Dave, a brick-layer with a tribal tattoo and too much confidence, planned a droll delivery for his partner Ellie by replacing all the midwives with Elvis impersonators and arranging for her to deliver on the pitch of his beloved Wembley stadium as he thought “it would be a laugh.”


28-year-old Michael might not know what an epidural is, but he does know the meaning of Epicurean—ok he doesn’t, but that didn’t stop him from pulling out all the stops and planning an Oktoberfest-themed birthing plan, glutted with tankards of Stella so he and his friends could wet the baby’s head before wife Char was 3cm dilated. As the drink and the amniotic fluid flowed, Micheal welcomed his son into the world to the serenading of a Bavarian Oompah band while Char’s perineum was sutured. There wasn’t a dry eye in the house.


Despite viewing this japery as one final, light-hearted hurrah before the commitments of fatherhood, the mothers often fail to see the funny side. “When he insisted on cutting the umbilical cord with a replica of the Narsil sword from the Fellowship of the Ring, that’s where I drew the line,” 26-year-old Emily confesses, whose film-buff husband’s commitment to a Lord of the Rings themed delivery landed her and her infant daughter in the ICU. “He hired a Gandalf to be my doula.
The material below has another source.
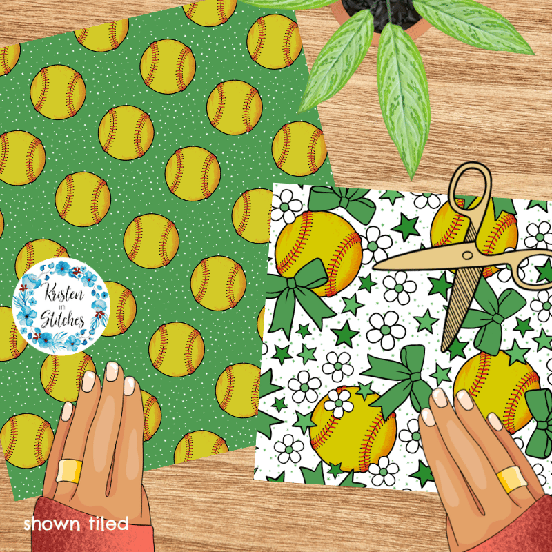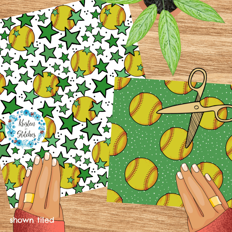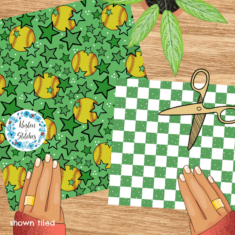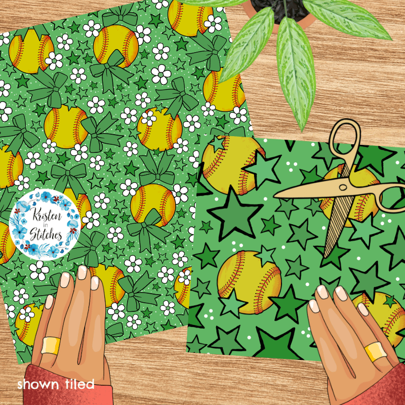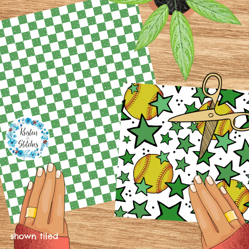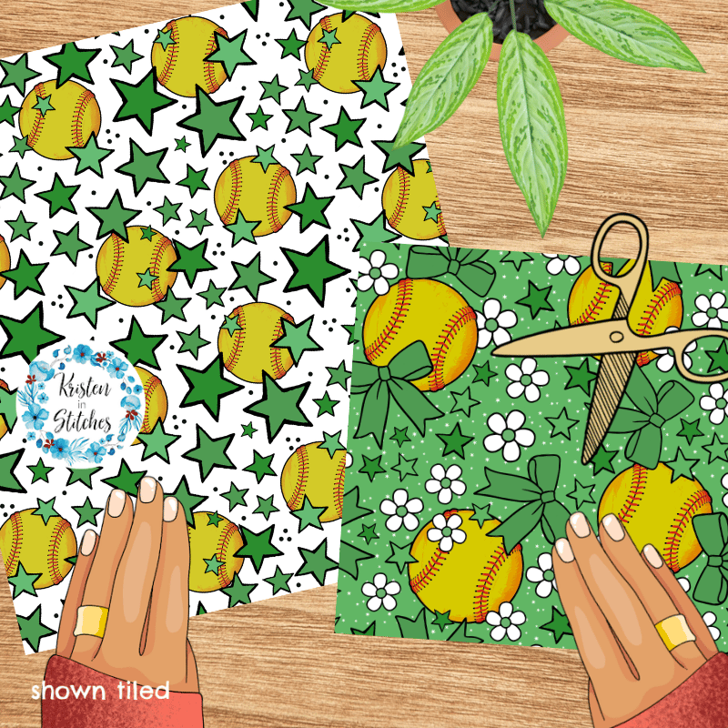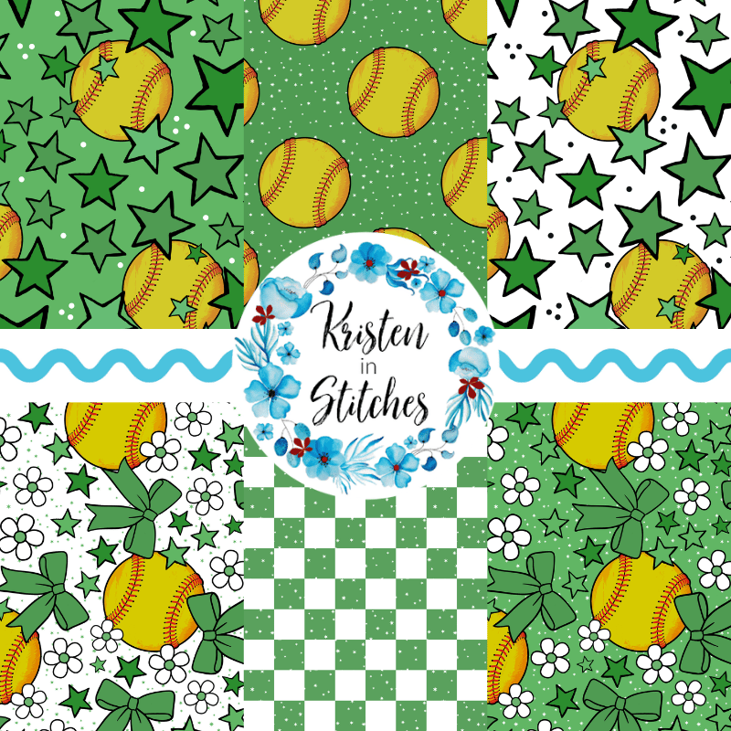 Mix and match softball patterns in green.

He kept referring to my crowning baby’s head as the Eye of Sauron and bellowing “You shall not pass!!” at any medical personnel who were trying to assist with the cord prolapse. And I’m not naming her Galadriel for f*cks sake.”


“People keep congratulating me on having my first baby,” Jane smiles, smearing an adult nappy in aloe vera and witch-hazel as her newborn howls at her breast. Husband Derek is rewinding after the stress of planning the big day. “But it’s not true; I’ve been a mother ever since I got married.”